SUPPLIED RECORDS
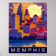 Memphis in vibrant colours. Sailing boats on Mississippi river. Travel poster.
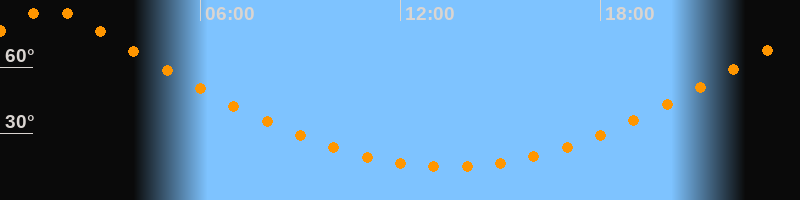 | Höchster Stand (Kulmination) | 01:25 Uhr (h = 86,4°) |
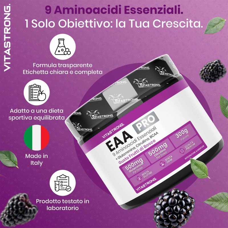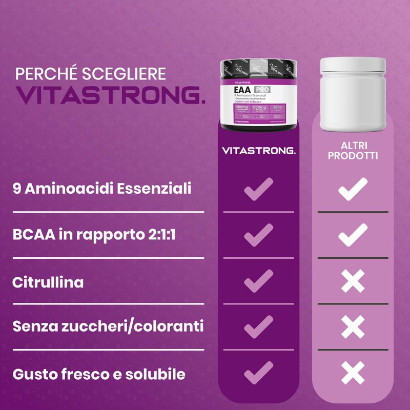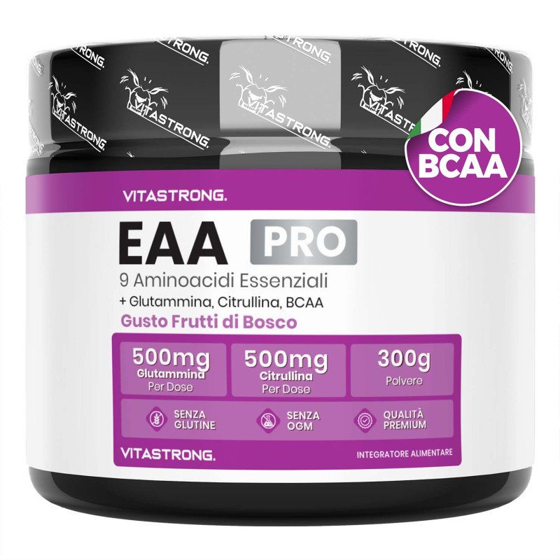 Vitastrong EAA Pro è un integratore avanzato di aminoacidi essenziali al gusto di Limone, Pesca o Frutti Rossi specificamente formulato per soddisfare il fabbisogno proteico/azotato con conseguenti effetti sul recupero muscolare, la crescita e le prestazioni fisiche. Gli aminoacidi essenziali (EAA) sono componenti fondamentali delle proteine e il nostro corpo non può produrli autonomamente, rendendone indispensabile l’assunzione tramite dieta o integrazione.
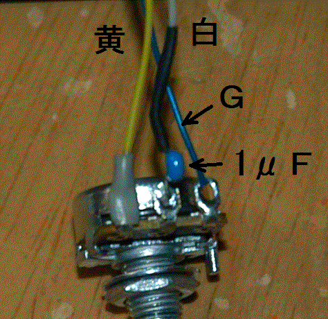 a黄 B白のリード線を出し追加した穴から表のVRにつなぎます、白は1μFのコンデンサー
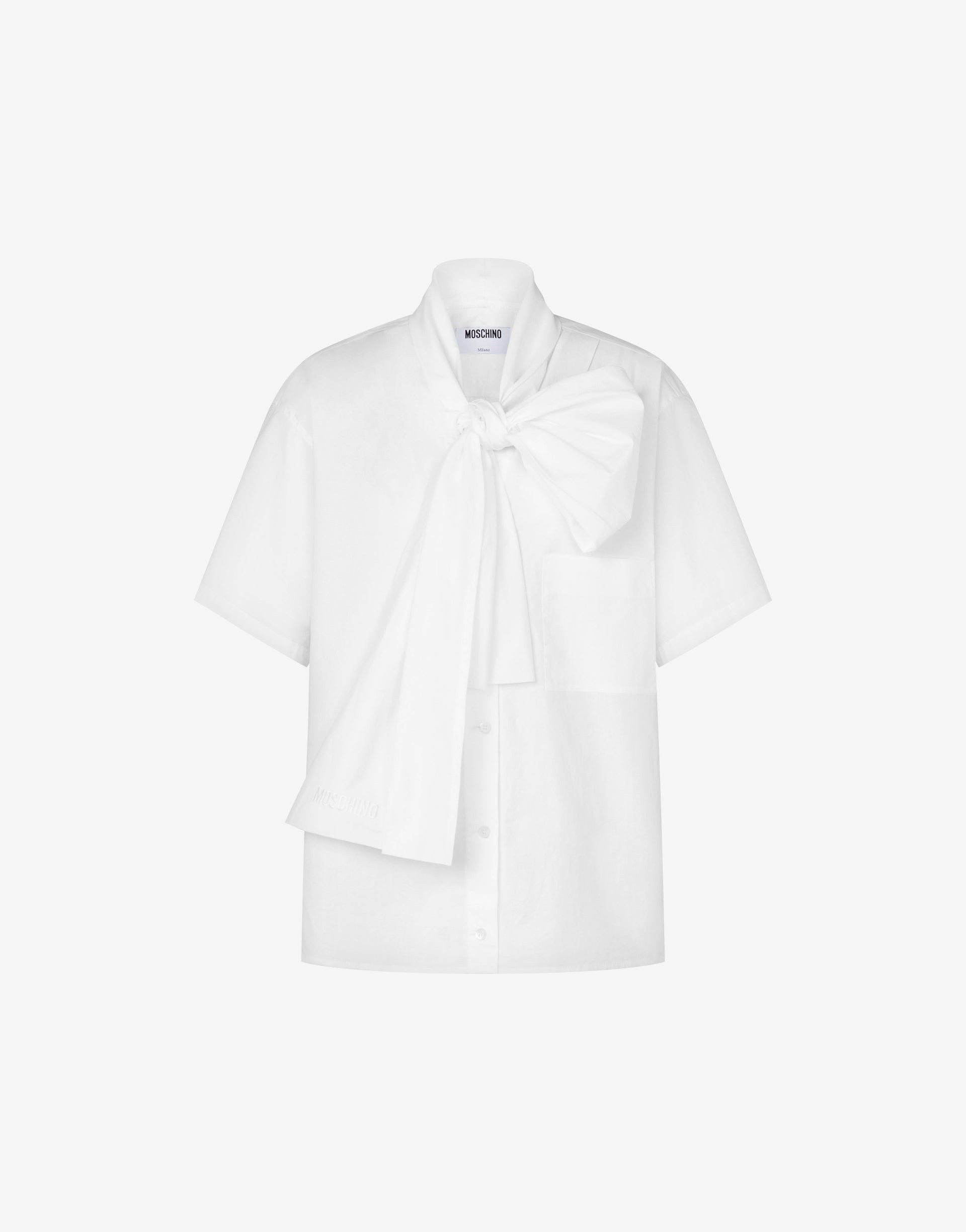 THE RESORT 2026 COLLECTION FEATURES THE STRETCH COTTON POPLIN SHIRT WITH A BOW-TIE LACE-UP LAVALLIER COLLAR AT THE FRONT. PRODUCT DETAILS RELAXED FIT - POCKET ON FRONT - SHORT SLEEVES - BUTTON FRONT CLOSURE FABRIC: 94% COTTON, 6% ELASTAN SKU: AEF261E A020805311001
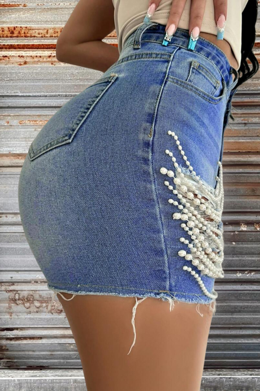 Pearl Chain Cut-Out Ripped Denim Shorts

WORK TO COMPLETE
Begin the copy at the line containing "THE RESORT 2026" and end it at the last line of the records; transcribe exactly and exclude pictures.

RESULT FOR THIS TASK
 THE RESORT 2026 COLLECTION FEATURES THE STRETCH COTTON POPLIN SHIRT WITH A BOW-TIE LACE-UP LAVALLIER COLLAR AT THE FRONT. PRODUCT DETAILS RELAXED FIT - POCKET ON FRONT - SHORT SLEEVES - BUTTON FRONT CLOSURE FABRIC: 94% COTTON, 6% ELASTAN SKU: AEF261E A020805311001
 Pearl Chain Cut-Out Ripped Denim Shorts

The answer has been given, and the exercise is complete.